Aim of the exercise:
The output should match, line for line, the records from the line containing "Intermittent drying involves" through the line containing "近日,徐州国企——新盛地产集", with every picture left out.

Segment Start: Data for the task

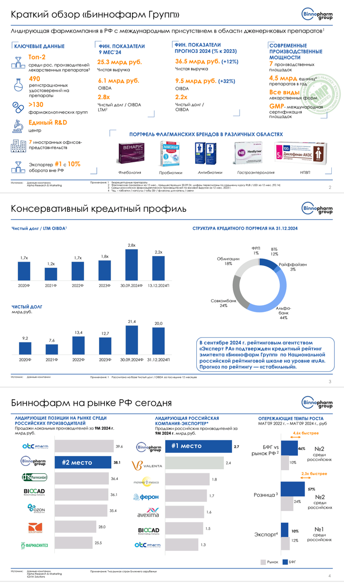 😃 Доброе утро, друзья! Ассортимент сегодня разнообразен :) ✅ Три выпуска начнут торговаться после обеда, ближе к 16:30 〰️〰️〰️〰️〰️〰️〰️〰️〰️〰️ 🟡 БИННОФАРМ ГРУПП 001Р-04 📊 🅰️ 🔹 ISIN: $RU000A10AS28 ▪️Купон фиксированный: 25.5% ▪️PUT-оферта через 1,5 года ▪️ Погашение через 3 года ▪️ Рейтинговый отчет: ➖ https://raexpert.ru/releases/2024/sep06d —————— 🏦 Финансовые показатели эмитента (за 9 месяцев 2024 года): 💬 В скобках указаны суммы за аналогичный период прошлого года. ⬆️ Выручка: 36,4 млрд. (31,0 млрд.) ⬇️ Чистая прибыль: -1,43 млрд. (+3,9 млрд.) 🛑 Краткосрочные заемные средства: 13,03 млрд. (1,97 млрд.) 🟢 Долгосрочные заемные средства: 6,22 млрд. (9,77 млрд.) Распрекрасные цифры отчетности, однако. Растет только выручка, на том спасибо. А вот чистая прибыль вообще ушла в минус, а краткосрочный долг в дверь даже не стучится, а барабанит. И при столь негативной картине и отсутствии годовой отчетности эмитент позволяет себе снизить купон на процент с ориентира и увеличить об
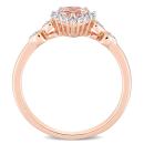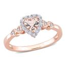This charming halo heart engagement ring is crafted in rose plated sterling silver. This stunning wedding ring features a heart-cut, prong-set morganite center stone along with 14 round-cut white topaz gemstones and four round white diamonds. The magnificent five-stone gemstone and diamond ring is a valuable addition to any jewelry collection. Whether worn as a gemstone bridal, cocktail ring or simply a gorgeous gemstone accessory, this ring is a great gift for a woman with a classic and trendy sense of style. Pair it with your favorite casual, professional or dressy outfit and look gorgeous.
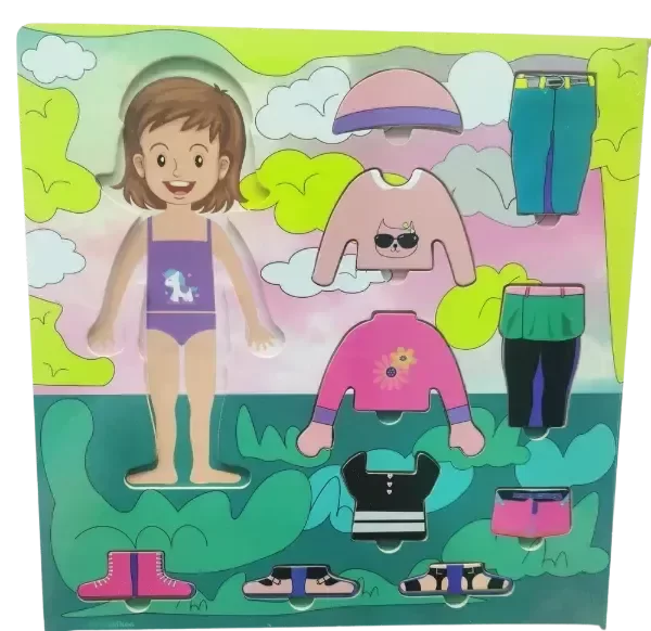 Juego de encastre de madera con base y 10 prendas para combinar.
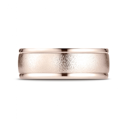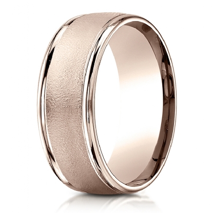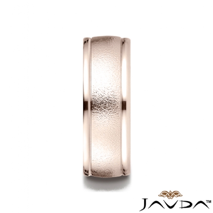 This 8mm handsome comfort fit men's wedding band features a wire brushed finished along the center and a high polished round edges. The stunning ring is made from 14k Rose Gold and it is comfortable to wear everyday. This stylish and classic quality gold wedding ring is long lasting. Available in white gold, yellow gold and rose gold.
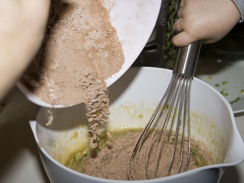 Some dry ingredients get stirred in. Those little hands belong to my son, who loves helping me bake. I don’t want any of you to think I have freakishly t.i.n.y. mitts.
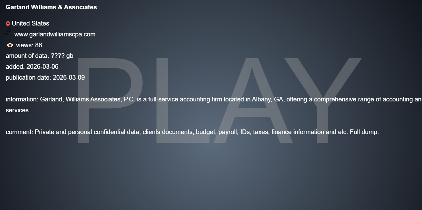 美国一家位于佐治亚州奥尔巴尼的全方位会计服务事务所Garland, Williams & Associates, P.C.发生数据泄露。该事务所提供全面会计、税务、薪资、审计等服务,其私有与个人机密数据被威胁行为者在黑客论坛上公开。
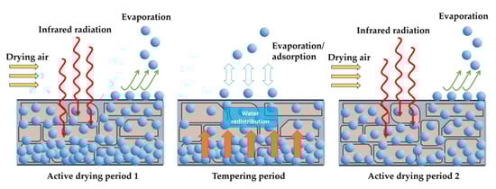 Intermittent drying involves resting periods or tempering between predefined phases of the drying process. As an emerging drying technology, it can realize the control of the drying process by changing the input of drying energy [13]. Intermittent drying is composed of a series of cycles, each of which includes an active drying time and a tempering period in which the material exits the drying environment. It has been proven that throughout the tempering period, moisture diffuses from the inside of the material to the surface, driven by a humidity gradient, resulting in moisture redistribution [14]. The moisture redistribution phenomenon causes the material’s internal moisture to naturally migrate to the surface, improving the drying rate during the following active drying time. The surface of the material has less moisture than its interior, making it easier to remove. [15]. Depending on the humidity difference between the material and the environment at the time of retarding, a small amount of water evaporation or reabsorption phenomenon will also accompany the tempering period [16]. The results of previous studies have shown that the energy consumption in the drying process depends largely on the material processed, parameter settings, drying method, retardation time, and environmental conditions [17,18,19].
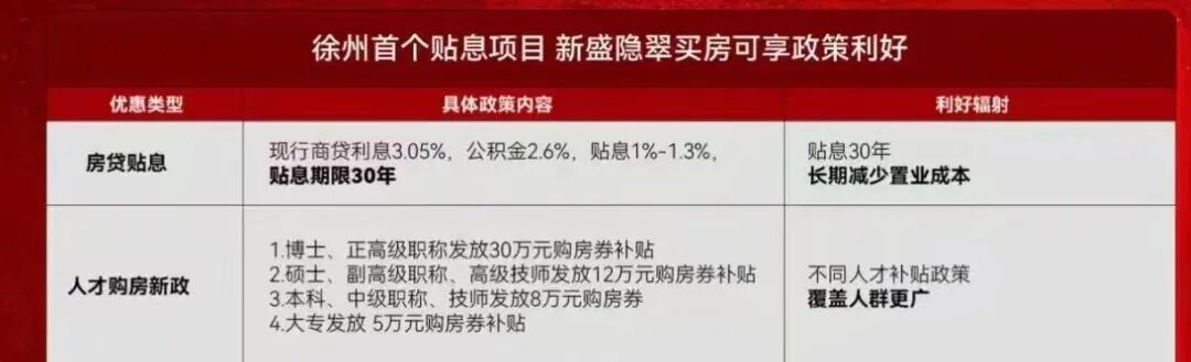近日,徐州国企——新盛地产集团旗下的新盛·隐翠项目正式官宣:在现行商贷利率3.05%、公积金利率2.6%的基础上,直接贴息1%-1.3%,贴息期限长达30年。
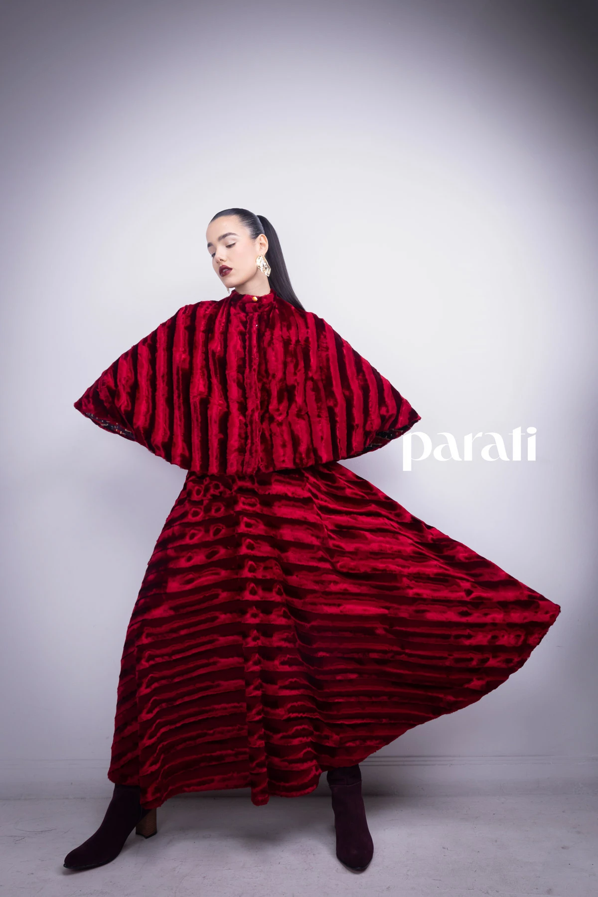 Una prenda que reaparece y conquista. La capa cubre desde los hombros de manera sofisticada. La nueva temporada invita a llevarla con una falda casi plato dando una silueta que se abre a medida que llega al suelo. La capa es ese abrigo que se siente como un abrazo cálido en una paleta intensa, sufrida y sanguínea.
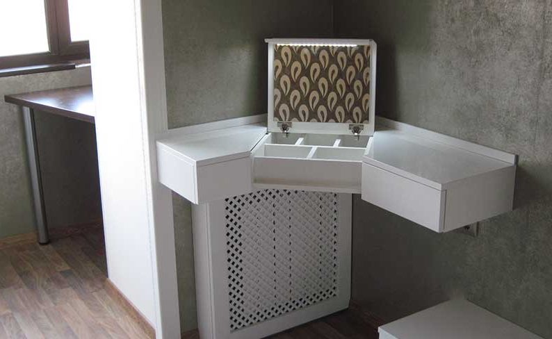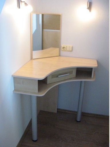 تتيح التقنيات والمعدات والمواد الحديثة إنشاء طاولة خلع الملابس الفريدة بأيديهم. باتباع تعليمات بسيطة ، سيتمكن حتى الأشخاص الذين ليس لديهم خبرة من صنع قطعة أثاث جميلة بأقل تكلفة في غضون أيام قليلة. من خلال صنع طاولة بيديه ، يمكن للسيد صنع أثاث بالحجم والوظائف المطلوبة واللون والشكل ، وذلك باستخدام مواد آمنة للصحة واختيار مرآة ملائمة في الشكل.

Segment End: Data for the task
Segment Start: Data for the task

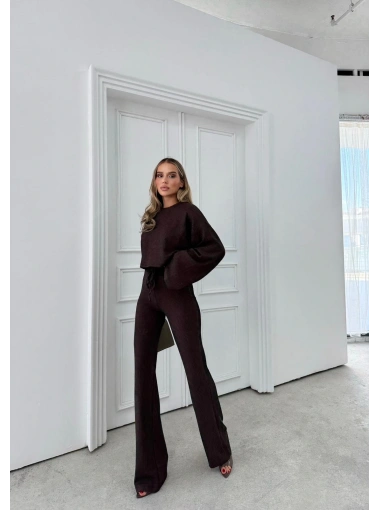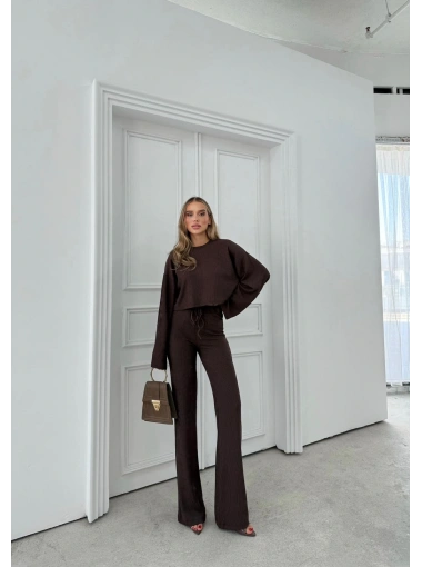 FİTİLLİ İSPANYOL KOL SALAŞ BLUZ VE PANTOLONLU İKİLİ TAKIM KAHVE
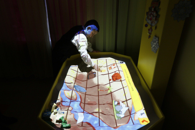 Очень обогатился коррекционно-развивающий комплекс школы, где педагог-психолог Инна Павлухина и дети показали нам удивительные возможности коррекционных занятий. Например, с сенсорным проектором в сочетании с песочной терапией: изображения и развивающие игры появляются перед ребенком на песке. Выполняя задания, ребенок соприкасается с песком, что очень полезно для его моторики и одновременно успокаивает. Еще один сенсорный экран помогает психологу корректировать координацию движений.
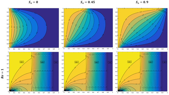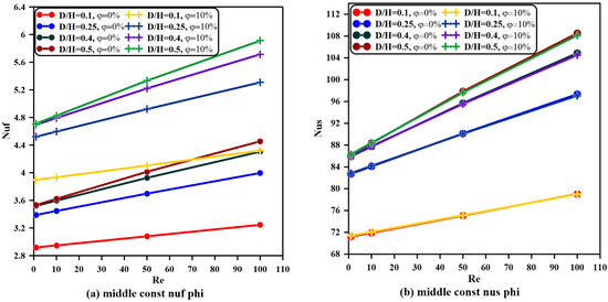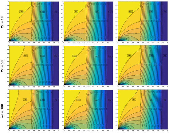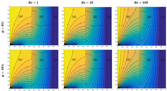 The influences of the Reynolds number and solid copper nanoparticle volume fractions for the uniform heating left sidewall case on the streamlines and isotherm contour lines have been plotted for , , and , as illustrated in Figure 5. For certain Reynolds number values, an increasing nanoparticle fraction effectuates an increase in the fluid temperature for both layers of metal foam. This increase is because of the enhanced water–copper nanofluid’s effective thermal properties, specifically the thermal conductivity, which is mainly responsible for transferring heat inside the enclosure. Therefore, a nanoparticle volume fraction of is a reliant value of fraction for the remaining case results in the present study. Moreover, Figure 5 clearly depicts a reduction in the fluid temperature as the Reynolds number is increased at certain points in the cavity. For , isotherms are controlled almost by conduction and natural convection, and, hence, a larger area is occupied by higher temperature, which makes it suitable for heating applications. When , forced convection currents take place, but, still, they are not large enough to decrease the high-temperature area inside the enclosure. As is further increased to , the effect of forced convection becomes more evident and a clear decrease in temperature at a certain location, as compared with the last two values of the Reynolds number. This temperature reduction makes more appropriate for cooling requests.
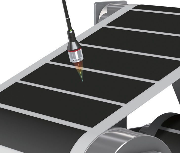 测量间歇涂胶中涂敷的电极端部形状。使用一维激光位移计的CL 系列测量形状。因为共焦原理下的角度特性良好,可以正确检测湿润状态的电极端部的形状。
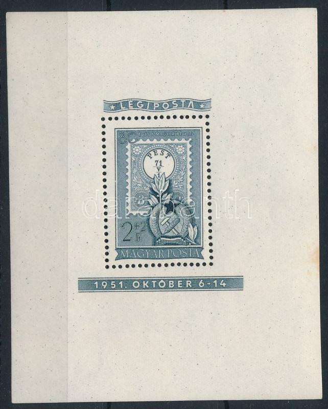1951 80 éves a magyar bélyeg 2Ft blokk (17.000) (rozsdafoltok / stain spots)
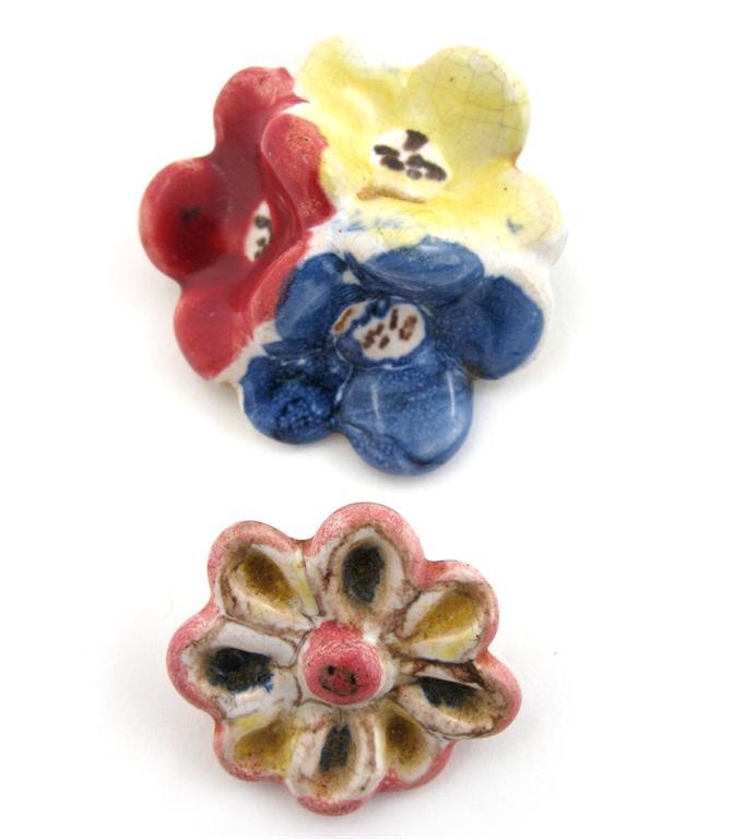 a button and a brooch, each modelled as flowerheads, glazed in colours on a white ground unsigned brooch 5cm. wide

Segment End: Data for the task

Task output:
 Intermittent drying involves resting periods or tempering between predefined phases of the drying process. As an emerging drying technology, it can realize the control of the drying process by changing the input of drying energy [13]. Intermittent drying is composed of a series of cycles, each of which includes an active drying time and a tempering period in which the material exits the drying environment. It has been proven that throughout the tempering period, moisture diffuses from the inside of the material to the surface, driven by a humidity gradient, resulting in moisture redistribution [14]. The moisture redistribution phenomenon causes the material’s internal moisture to naturally migrate to the surface, improving the drying rate during the following active drying time. The surface of the material has less moisture than its interior, making it easier to remove. [15]. Depending on the humidity difference between the material and the environment at the time of retarding, a small amount of water evaporation or reabsorption phenomenon will also accompany the tempering period [16]. The results of previous studies have shown that the energy consumption in the drying process depends largely on the material processed, parameter settings, drying method, retardation time, and environmental conditions [17,18,19].
近日,徐州国企——新盛地产集团旗下的新盛·隐翠项目正式官宣:在现行商贷利率3.05%、公积金利率2.6%的基础上,直接贴息1%-1.3%,贴息期限长达30年。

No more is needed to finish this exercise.